Aim of the task »
For the records below, output word for word the lines from the one with "아를의 고대 원형 극장" up to and including the one with "Œuvre de l'artiste". No pictures.

━━━ Task inputs ━━━

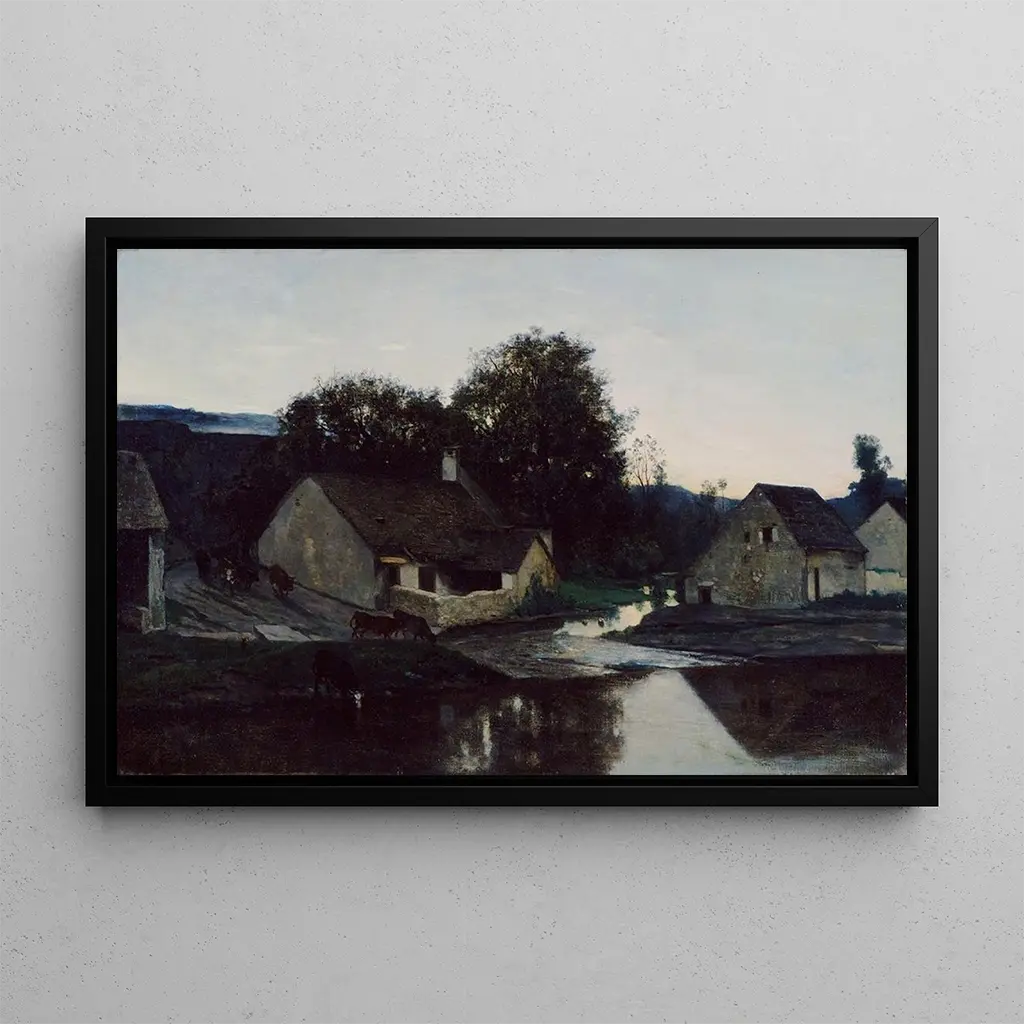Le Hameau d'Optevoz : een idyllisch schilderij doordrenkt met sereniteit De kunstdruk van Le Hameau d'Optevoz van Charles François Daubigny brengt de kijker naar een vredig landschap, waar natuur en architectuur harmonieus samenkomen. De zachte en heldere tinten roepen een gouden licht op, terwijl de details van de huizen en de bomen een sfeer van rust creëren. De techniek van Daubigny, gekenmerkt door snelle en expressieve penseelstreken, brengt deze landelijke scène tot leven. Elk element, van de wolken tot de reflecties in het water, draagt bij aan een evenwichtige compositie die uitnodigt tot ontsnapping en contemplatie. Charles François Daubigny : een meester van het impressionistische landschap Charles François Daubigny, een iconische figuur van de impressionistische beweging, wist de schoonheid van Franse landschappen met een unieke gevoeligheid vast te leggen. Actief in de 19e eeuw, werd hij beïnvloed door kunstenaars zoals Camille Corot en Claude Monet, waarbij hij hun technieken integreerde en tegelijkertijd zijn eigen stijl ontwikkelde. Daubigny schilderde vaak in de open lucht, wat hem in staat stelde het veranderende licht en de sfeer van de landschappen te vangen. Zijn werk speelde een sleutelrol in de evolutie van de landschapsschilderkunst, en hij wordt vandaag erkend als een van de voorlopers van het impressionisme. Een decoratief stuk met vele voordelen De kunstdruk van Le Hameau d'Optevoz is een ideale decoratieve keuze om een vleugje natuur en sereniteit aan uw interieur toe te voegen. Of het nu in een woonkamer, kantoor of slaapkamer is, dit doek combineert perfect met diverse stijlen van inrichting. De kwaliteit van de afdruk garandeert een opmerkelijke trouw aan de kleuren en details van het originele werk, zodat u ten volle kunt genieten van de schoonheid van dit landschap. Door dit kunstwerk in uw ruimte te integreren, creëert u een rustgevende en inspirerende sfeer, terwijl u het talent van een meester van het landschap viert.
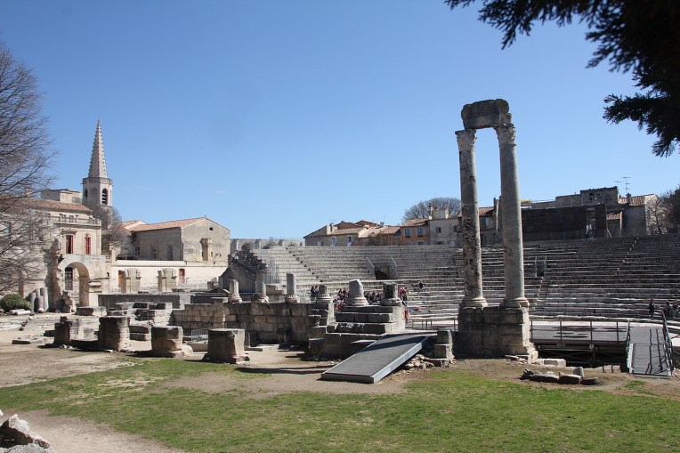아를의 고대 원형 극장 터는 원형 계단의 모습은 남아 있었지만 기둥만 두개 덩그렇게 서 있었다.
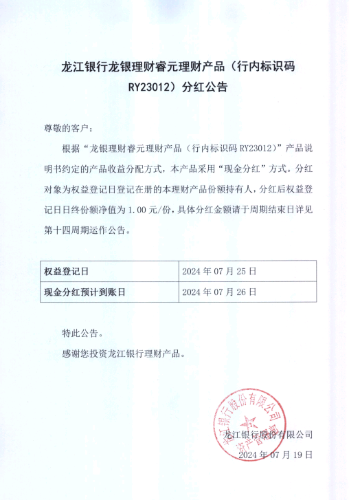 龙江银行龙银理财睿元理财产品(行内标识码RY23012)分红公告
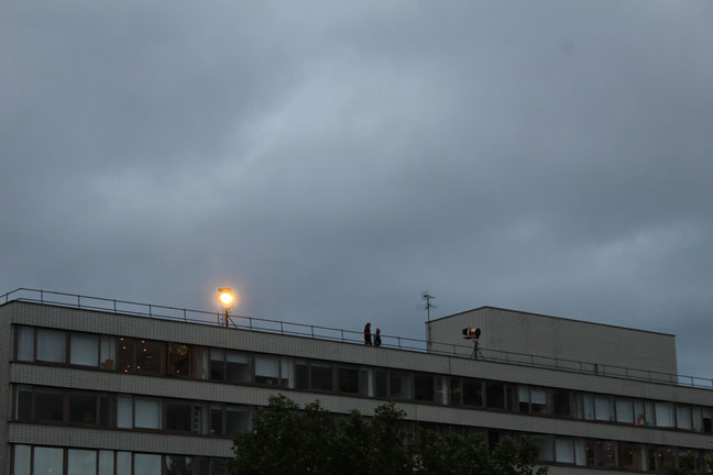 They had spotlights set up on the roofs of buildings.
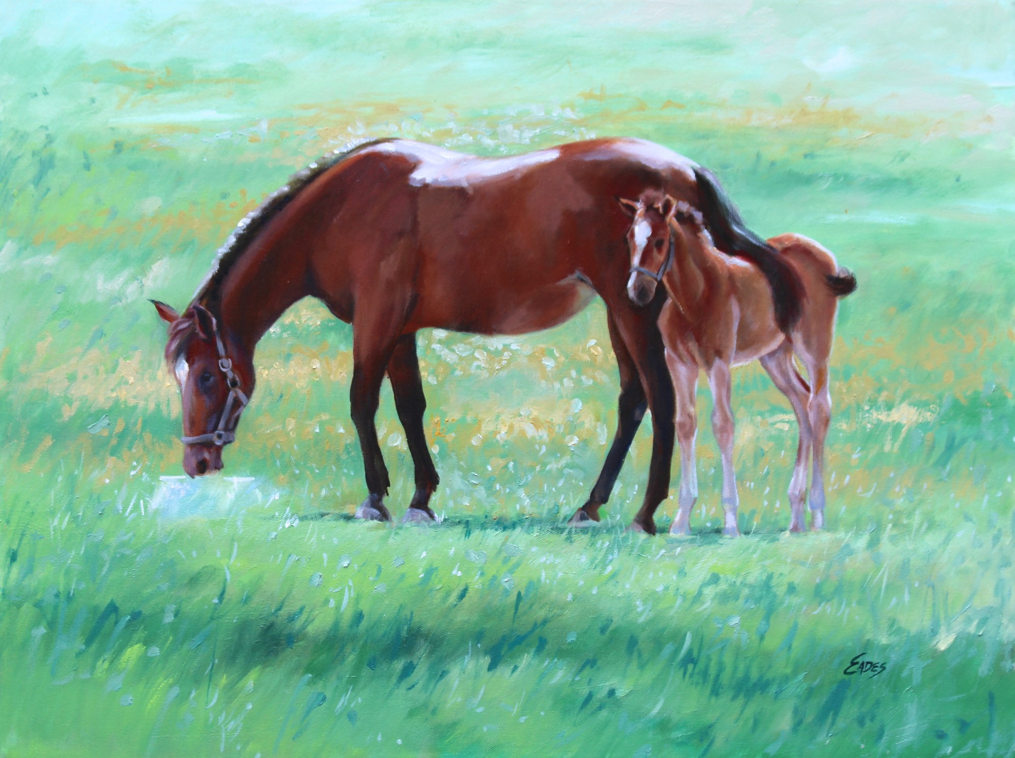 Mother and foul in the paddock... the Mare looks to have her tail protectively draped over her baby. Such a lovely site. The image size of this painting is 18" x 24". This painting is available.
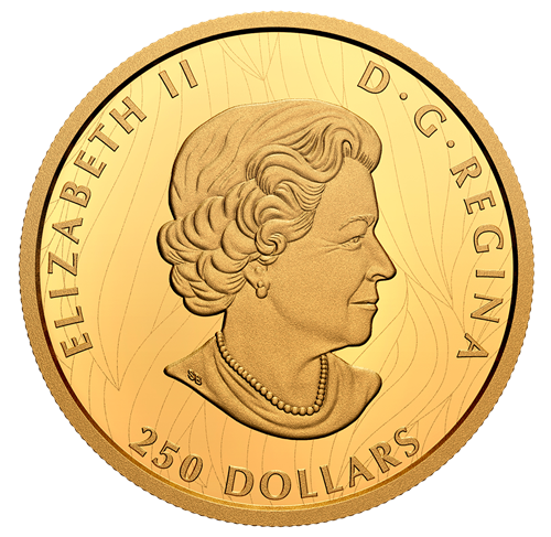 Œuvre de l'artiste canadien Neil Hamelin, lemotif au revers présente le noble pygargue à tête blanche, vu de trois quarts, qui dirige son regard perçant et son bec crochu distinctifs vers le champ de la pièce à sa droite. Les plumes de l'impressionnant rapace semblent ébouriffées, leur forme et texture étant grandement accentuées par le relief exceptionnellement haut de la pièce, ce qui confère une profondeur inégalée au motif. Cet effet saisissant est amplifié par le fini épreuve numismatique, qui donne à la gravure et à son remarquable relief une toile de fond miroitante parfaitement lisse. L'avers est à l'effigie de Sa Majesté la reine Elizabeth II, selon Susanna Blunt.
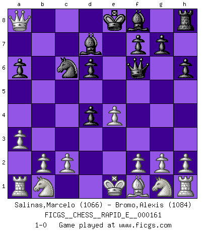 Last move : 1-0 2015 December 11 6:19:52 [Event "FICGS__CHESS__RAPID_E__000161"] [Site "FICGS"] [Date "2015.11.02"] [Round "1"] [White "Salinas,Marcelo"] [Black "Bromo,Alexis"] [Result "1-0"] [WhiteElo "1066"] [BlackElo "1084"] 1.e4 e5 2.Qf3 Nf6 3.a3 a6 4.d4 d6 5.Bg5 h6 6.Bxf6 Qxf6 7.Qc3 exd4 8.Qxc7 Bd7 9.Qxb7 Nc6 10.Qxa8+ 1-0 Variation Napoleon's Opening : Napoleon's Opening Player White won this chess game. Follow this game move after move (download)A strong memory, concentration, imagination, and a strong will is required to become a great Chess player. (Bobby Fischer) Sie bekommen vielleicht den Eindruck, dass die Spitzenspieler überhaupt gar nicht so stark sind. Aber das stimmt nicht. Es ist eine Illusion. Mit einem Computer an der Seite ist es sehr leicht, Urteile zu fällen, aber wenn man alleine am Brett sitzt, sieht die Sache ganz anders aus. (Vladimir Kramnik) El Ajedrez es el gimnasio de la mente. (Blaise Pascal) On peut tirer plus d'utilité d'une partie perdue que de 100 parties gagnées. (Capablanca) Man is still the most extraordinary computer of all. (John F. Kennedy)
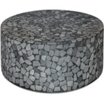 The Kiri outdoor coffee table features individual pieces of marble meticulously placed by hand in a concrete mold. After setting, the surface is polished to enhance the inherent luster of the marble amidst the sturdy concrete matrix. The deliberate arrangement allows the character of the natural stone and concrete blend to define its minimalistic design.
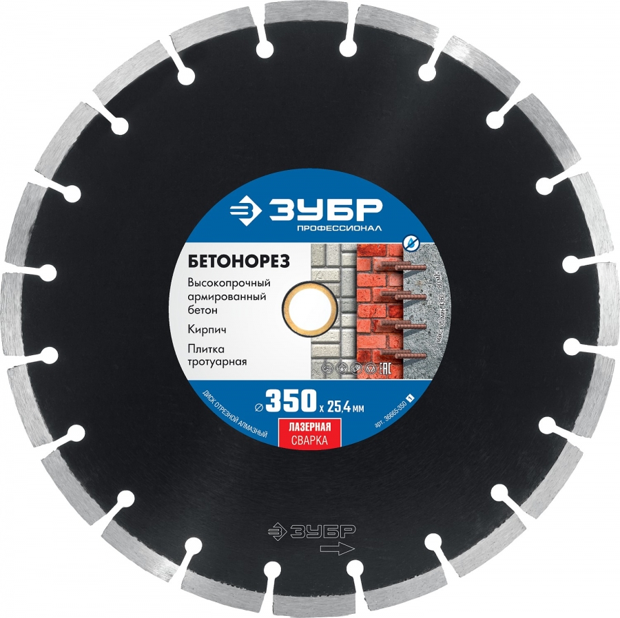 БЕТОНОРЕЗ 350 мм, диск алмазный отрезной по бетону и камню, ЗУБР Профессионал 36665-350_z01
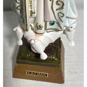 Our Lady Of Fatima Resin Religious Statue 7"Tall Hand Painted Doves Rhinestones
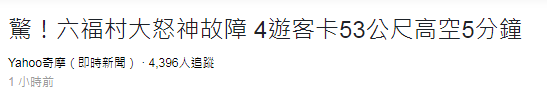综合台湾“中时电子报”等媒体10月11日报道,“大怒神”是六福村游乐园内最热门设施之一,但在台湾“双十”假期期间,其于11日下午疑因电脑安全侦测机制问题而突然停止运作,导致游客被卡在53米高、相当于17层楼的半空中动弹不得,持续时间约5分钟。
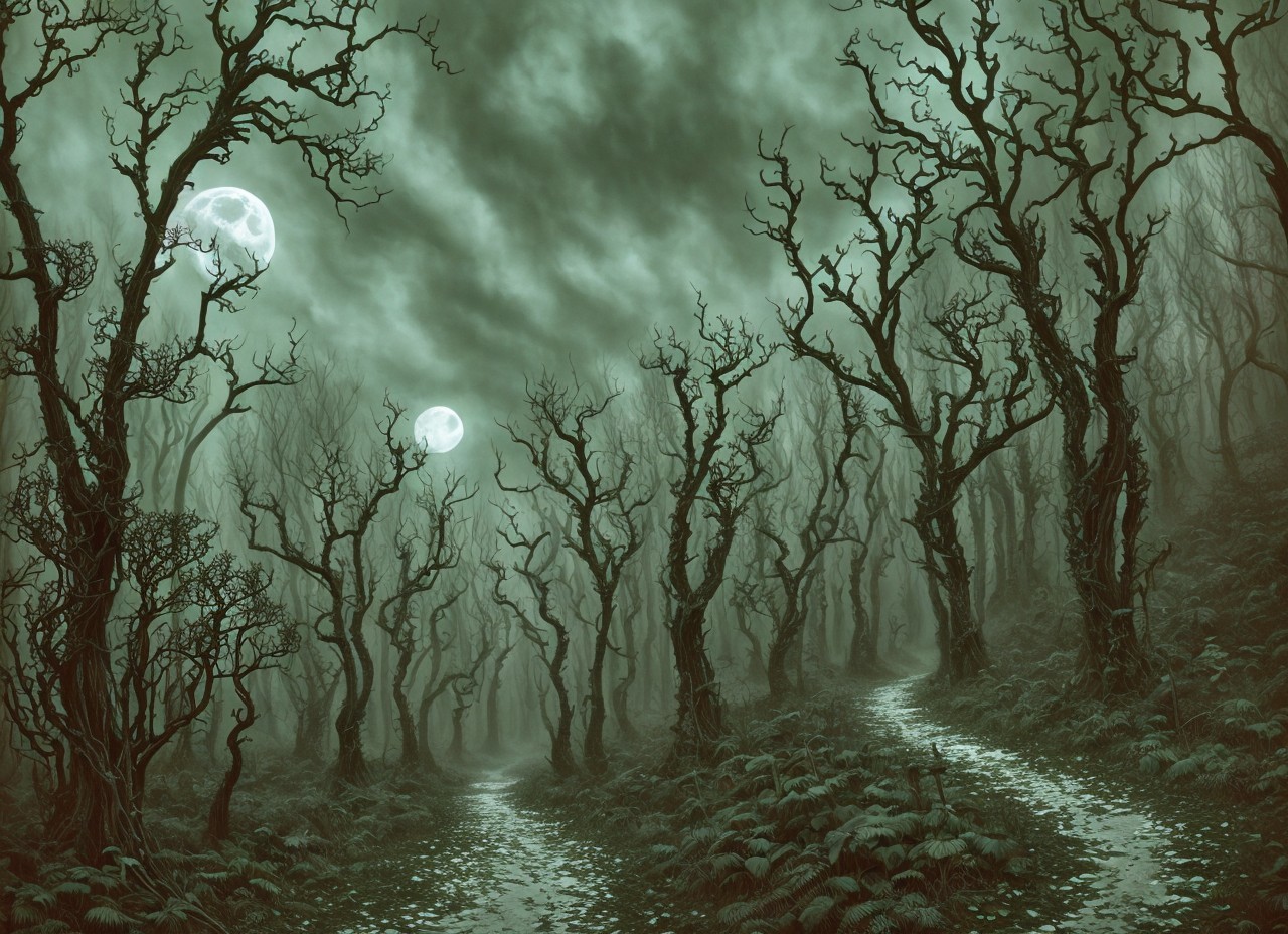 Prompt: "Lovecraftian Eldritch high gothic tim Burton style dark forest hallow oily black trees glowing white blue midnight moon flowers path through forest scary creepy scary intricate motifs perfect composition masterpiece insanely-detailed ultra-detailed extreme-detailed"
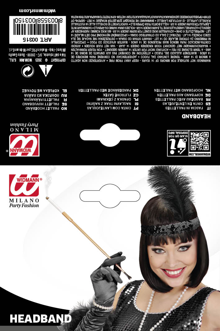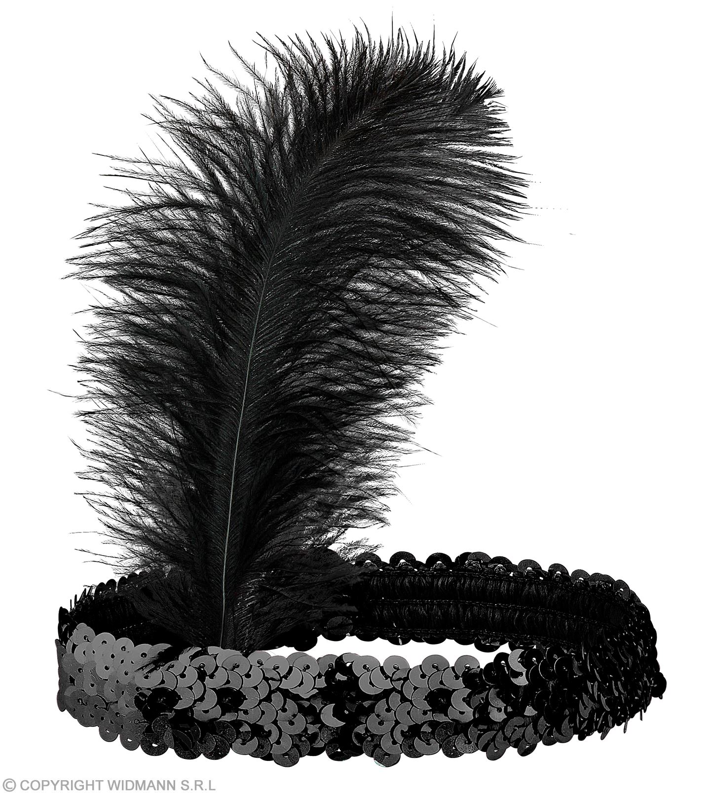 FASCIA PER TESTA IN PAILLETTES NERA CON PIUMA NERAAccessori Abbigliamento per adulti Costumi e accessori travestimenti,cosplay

━━━

Reply to the exercise »
아를의 고대 원형 극장 터는 원형 계단의 모습은 남아 있었지만 기둥만 두개 덩그렇게 서 있었다.
 龙江银行龙银理财睿元理财产品(行内标识码RY23012)分红公告
 They had spotlights set up on the roofs of buildings.
 Mother and foul in the paddock... the Mare looks to have her tail protectively draped over her baby. Such a lovely site. The image size of this painting is 18" x 24". This painting is available.
 Œuvre de l'artiste canadien Neil Hamelin, lemotif au revers présente le noble pygargue à tête blanche, vu de trois quarts, qui dirige son regard perçant et son bec crochu distinctifs vers le champ de la pièce à sa droite. Les plumes de l'impressionnant rapace semblent ébouriffées, leur forme et texture étant grandement accentuées par le relief exceptionnellement haut de la pièce, ce qui confère une profondeur inégalée au motif. Cet effet saisissant est amplifié par le fini épreuve numismatique, qui donne à la gravure et à son remarquable relief une toile de fond miroitante parfaitement lisse. L'avers est à l'effigie de Sa Majesté la reine Elizabeth II, selon Susanna Blunt.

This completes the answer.